Матвей Семенович не утерпел: хоть и с оглядкой, а все же сходил к углу палисадника, нашел под плетнем Тузика. Он был разрублен надвое.
— Чистая работа! — вернувшись, сообщил старик. — Как есть пополам… Шашкой, не иначе.
«Пополам… шашкой… Тогда, выходит, не Трофим это… — заметил про себя Федор, думавший о том, что не он ли, венчанный муженек, решил отомстить, — Выходит, кто-то другой. У Трофима сноровки не хватит — шашкой так…»
— И сколько раз я уж говорил тебе, Надя: закрывай, закрывай окна, занавешивай! — укоризненно начал Федор и не закончил, насторожился. И все насторожились. Даже конь, чесавший губу о столб у ворот, оторвался от своих занятий и навострил уши.
Колыхнул низовый предутренний ветер, подняв в палисаднике невнятный протяжный шум, и сквозь этот шум отчетливо послышалась далекая ружейная трескотня, массовая, беспорядочная, сливавшаяся в залпы: бах! бах! бах!.. Рррр! ррр!.. Бах! бах… Рррр!.. Стрельба продолжалась несколько минут, укрощаясь на мгновение и опять вспыхивая.
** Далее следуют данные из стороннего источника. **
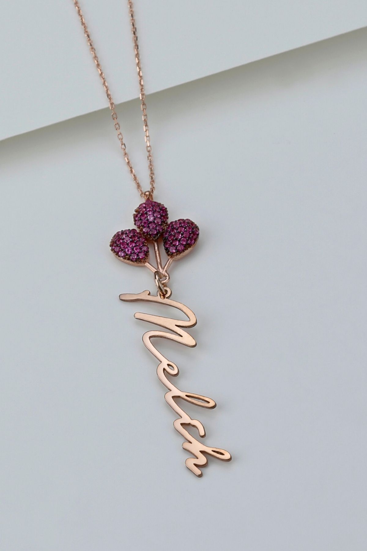 925 Ayar Gümüş Isimli Kırmızı Balonlu Kız Kolye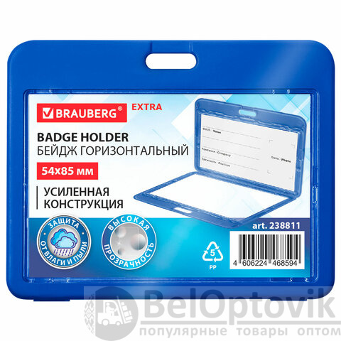 Бейдж горизонтальный (54х85 мм), ДВУСТОРОННИЙ, cиний, ЗАЩИТА ОТ ВЛАГИ И ПЫЛИ, BRAUBERG EXTRA, 238811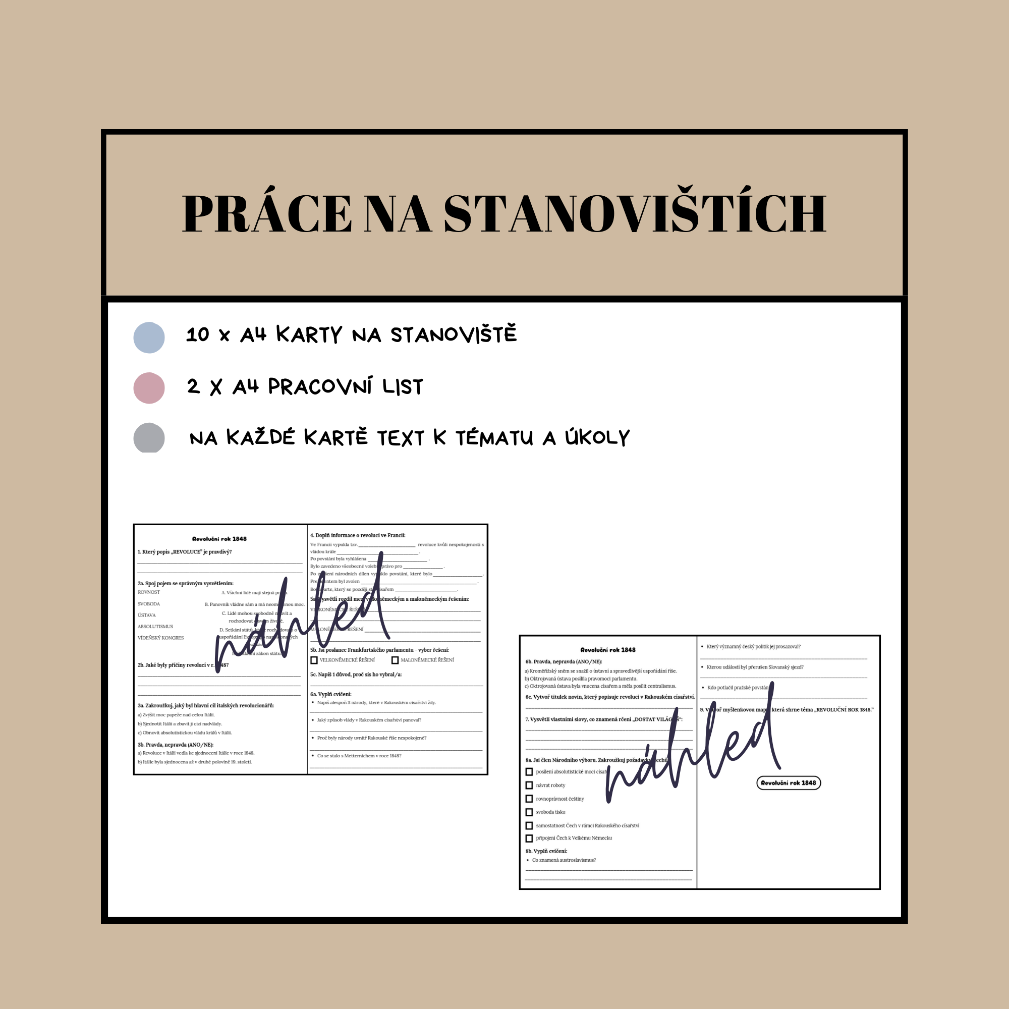 Příklady úkolů: ANO/NE, spojovačka, tvoření titulku novin, volba poslance Frankfurtského sněmu, požadavky člena Národního výboru, myšlenková mapa, kroužkovací kvíz, doplňovačka, přiřazování...
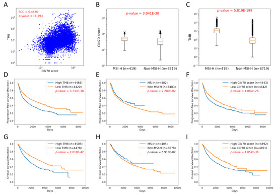 Pan-cancer data analysis. (A) Correlation between CIN70 and TMB (SCC = 0.4536, p-value < 1.0 × 10−293). (B) Association between CIN70 and MSI status (p-value = 3.041 × 10−30, Mann–Whitney U test). (C) Association between TMB and MSI status (p-value = 5.819 × 10−199, Mann–Whitney U test). (D) Association between TMB and progression-free survival (PFS) (p-value = 3.733 × 10−38, log-rank test). (E) Association between MSI status and PFS (p-value = 0.0228, log-rank test). (F) Association between CIN70 and PFS (p-value = 4.869 × 10−26, log-rank test). (G) Association between TMB and overall survival (OS) (p-value = 2.018 × 10−42, log-rank test). (H) Association between MSI status and OS (p-value = 0.0591, log-rank test). (I) Association between CIN70 and OS (p-value = 1.052 × 10−36, log-rank test).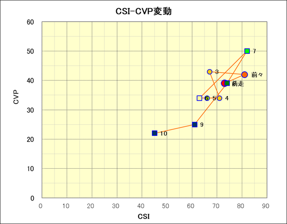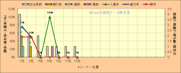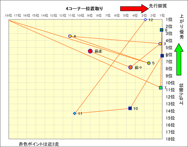 近走における4コーナーでの位置取りと上がり順位(頭数補正後) |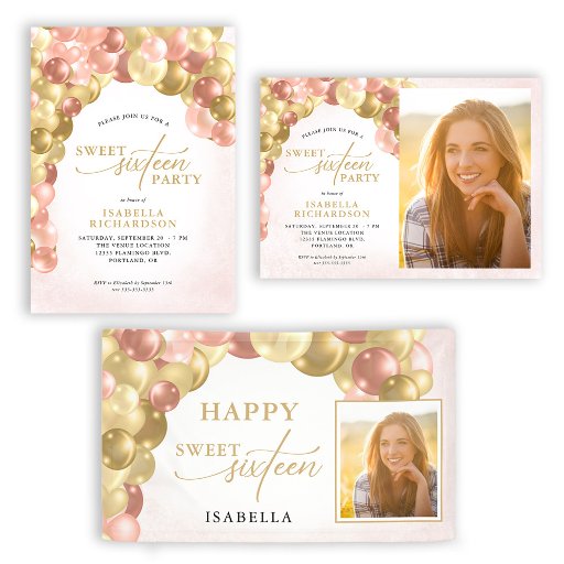 Balloon Arch Pink & Gold Photo Sweet 16 Party Invitation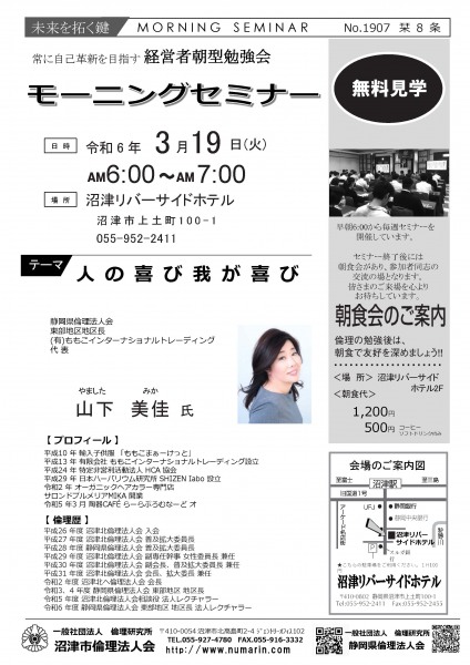 | 03月19日 | 山下美佳 氏 | 静岡県倫理法人会 東部地区長、(有)モモコインターナショナルトレーディング代表 人の喜び我喜び |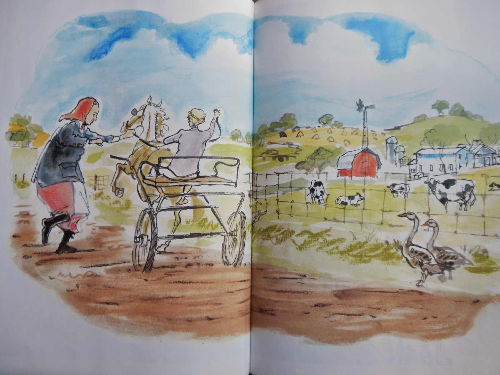 I picked up this one because I recognized the married author/illustrator team from their other well loved books, The Library and The Gardener. While the actual story seems a bit weak, (young Amish girls travels into the city, but remembers her Amish life back at home), the illustrations provide plenty to enjoy, including the end covers at the beginning and end of the book.

Затем отдельно прострочил, как бы черту подвел, пулемет: та-та-та-та-та-та!.. И все заглохло.
— Вот!.. Вот оно как! — сказал Федор, поспешно притягивая к себе за повод коня. — В станице это, что ли? Кажется, там. А? И в наших краях заиграла эта музыка. Чуешь, батя?
— Я и то думаю, — со вздохом отозвался старик. — Нет ли тут, думаю, какой связи с Тузиком? Спроста ли совпало это?
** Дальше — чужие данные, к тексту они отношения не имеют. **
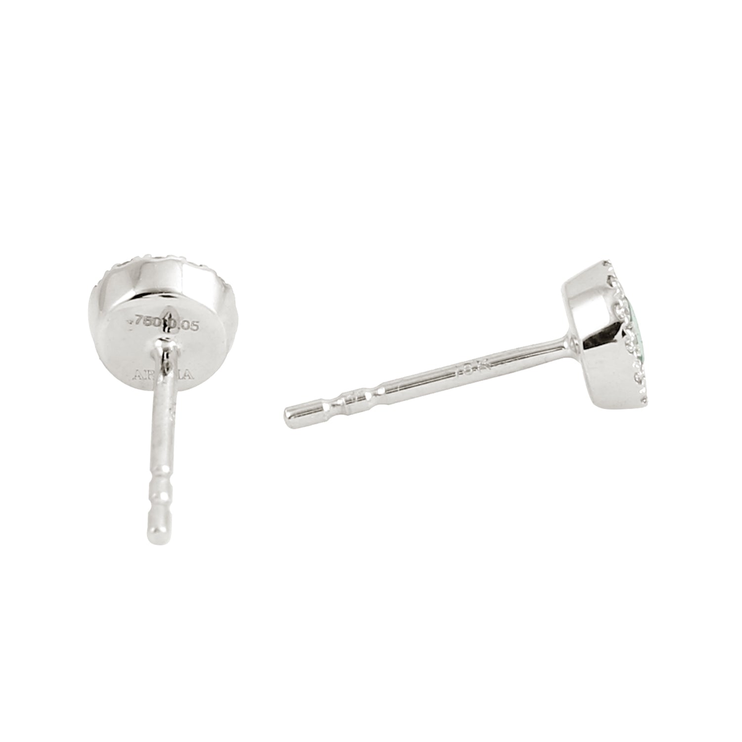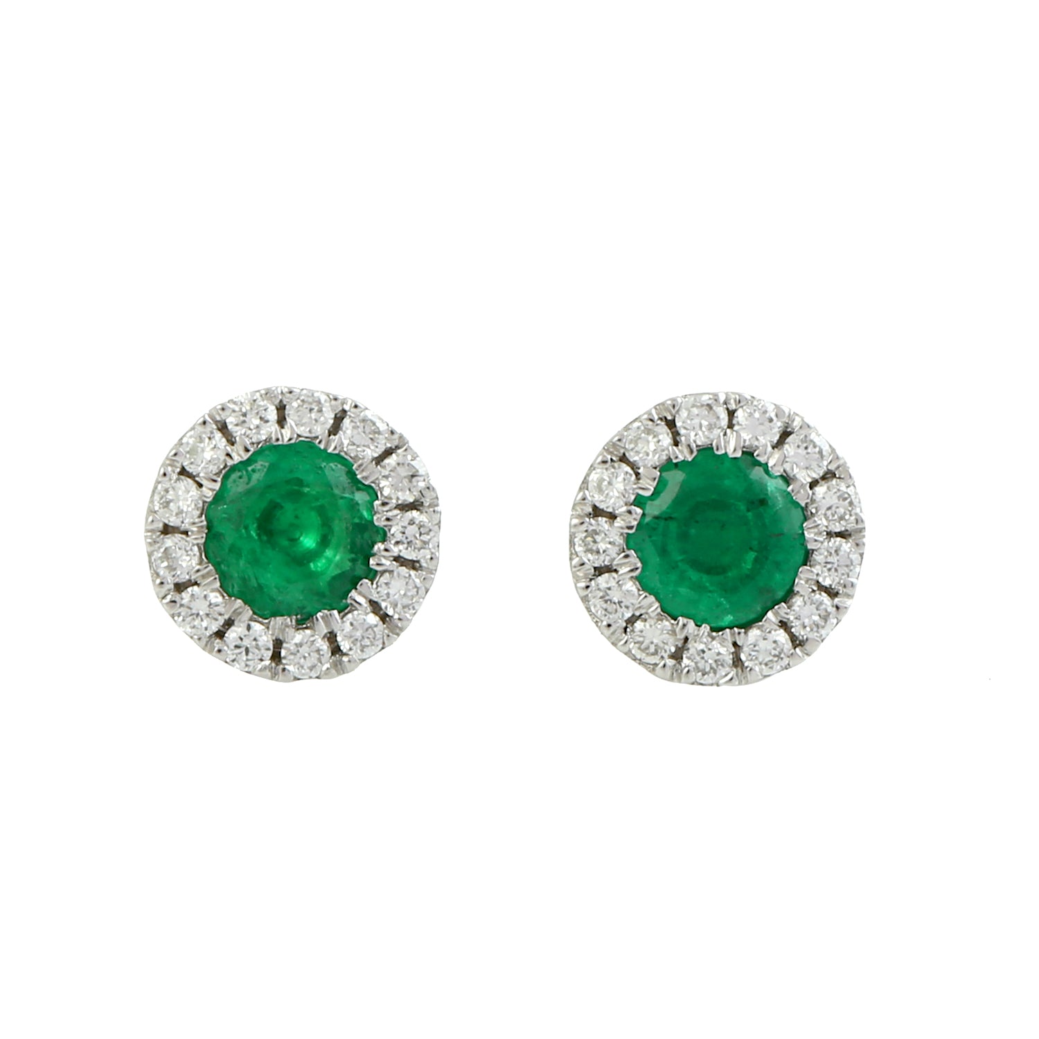 18K White Gold Round Emerald Halo Diamond Stud Earrings For Women's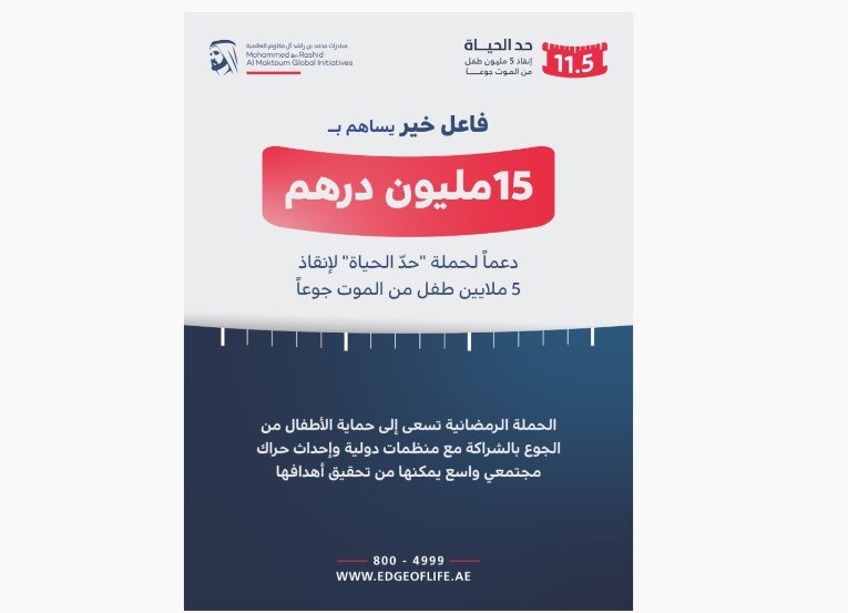 ساهم فاعل خير بمبلغ 15 مليون درهم في حملة “حد الحياة” لإنقاذ 5 ملايين طفل من الموت جوعاً، والتي أطلقها صاحب السمو الشيخ محمد بن راشد آل مكتوم نائب رئيس الدولة، رئيس مجلس الوزراء حاكم دبي “رعاه الله، بالتزامن مع شهر رمضان الكريم، لجمع مليار درهم على الأقل يتم استثمارها في مكافحة جوع الأطفال في العالم.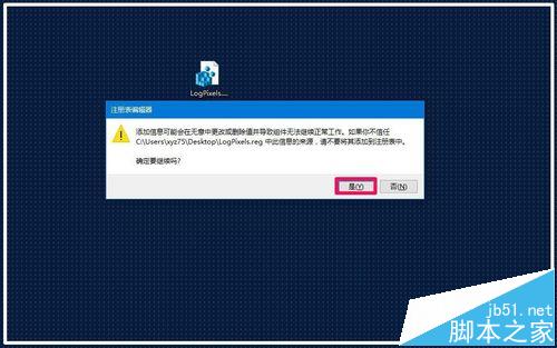 添加信息可能会在无意中更改或删除值并导致组件无法继续正常工作。如果你不信任 C:Usersxyz75DesktopLogPixels.reg 中此信息的来源,请不要将其添加到注册表中。确定要继续吗?点击:是(Y);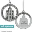 This keepsake ornament proudly displays the beautiful temple in an antique silver finish. The ornament is 3" inches in diameter and features a silver string attachment to hang on your Christmas tree or a chrome plated ornament stand also available from Ringmasters. Perfect for weddings or anniversaries, bring this beautiful temple ornament into your home.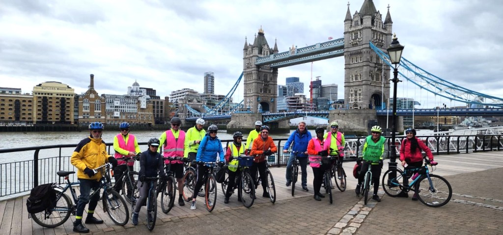 We had a lunch stop in Greenwich and then rode on to cross over Tower Bridge, along the north bank, through Mile End Park, Valentines Park and the Olympic Park. A few minor problems with bikes were dealt with and everyone is now home and relaxing after a 30 mile adventure. I am delighted to report we had riders with heritages from India, Greece, Cyprus, Italy, Germany, Ireland, Wales and England! London is such a delightful mix of people and cultures. Thanks to all those who took part and especially to the marshals.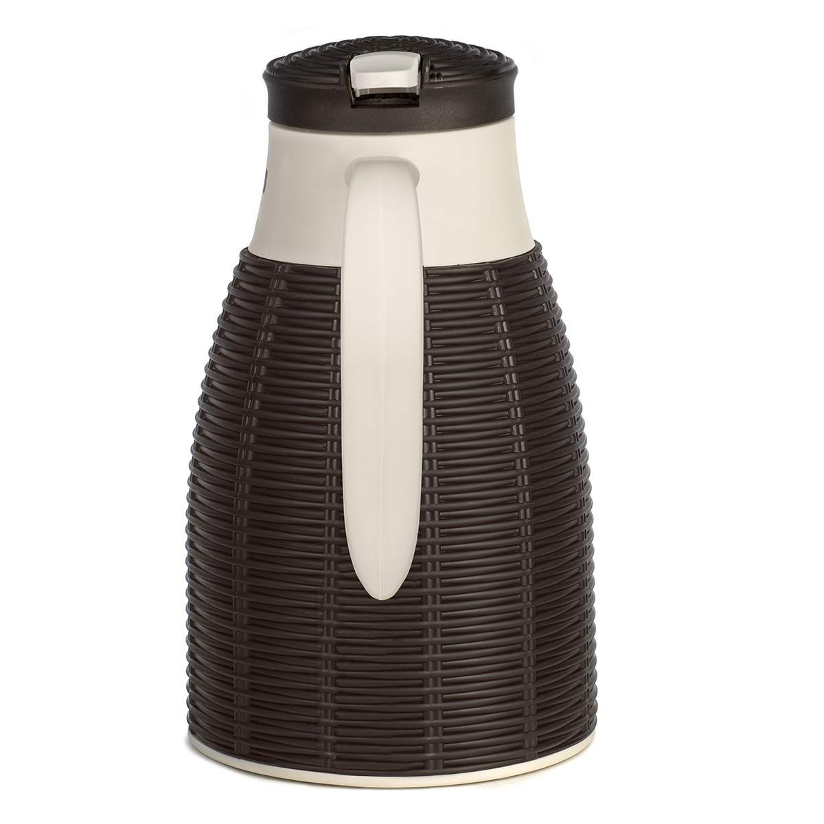 Термос со стеклянной колбой LARA LR04-80 в стилизованном под ротанг корпусе создает теплую и уютную атмосферу. Стекло не впитывает запахи и легко моется. Термоизоляционные свойства стекла вкупе с двойными стенками и зеркальным напылением увеличивают срок сохранения температуры. Элегантная открытая ручка внесет в дизайн современную нотку, как и практичная крышка-клапан: для подачи напитка достаточно нажать на рычаг, расположенный на крышке термоса. Термос со стеклянной колбой и двойными стенками LARA LR04-80 доступен в трех цветовых решениях: универсальном сером, оригинальном коричневом и строгом черном.

Надя, видя, что Федор собирается уезжать, — он, хлопая кожаной покрышкой, осматривал седло, — и пользуясь тем, что старик был по другую сторону коня, подошла к Федору, отвела свободной рукой висевшую на нем шашку и прижалась к нему.
Федор вздрогнул. Повернулся к ней и, чуть пригнувшись, обнял.
— Смотри же, Надюша, ничего другого не выдумывай, ежели что… — напомнил он, выпуская ее из объятий с большим усилием над собой. — Этим не шутят. Смотри же! — Он имел в виду их уговор: что ей, Наде, нужно будет сделать, если на хутор налетят кадеты.
— А ты тоже не забудь: сидит еще небось в канаве-то… — в свою очередь, напомнила она. — Езжай в Фирсов проулок. Долго ль тут объехать!
Федор обещал. Но, вскочив в седло, скрывшись за воротами, свернул коня в улицу и пустил его карьером. Он пустил его по той же дороге, по которой ехал, — кратчайший путь к кузне, к отряду. Скакал, косясь на смутно мелькавшие неразличимые кусты и плетни по одну сторону, держа винтовку стволом в ту же сторону, и думал о судьбе людей, которые только что вели бой. Знакомы ли ему эти люди, нет ли — они свои, родные и в том и в другом случае: одна судьба у них, одна будущность. Неужто разгромили еще их, этих соседей, или всыпали они ночным налетчикам?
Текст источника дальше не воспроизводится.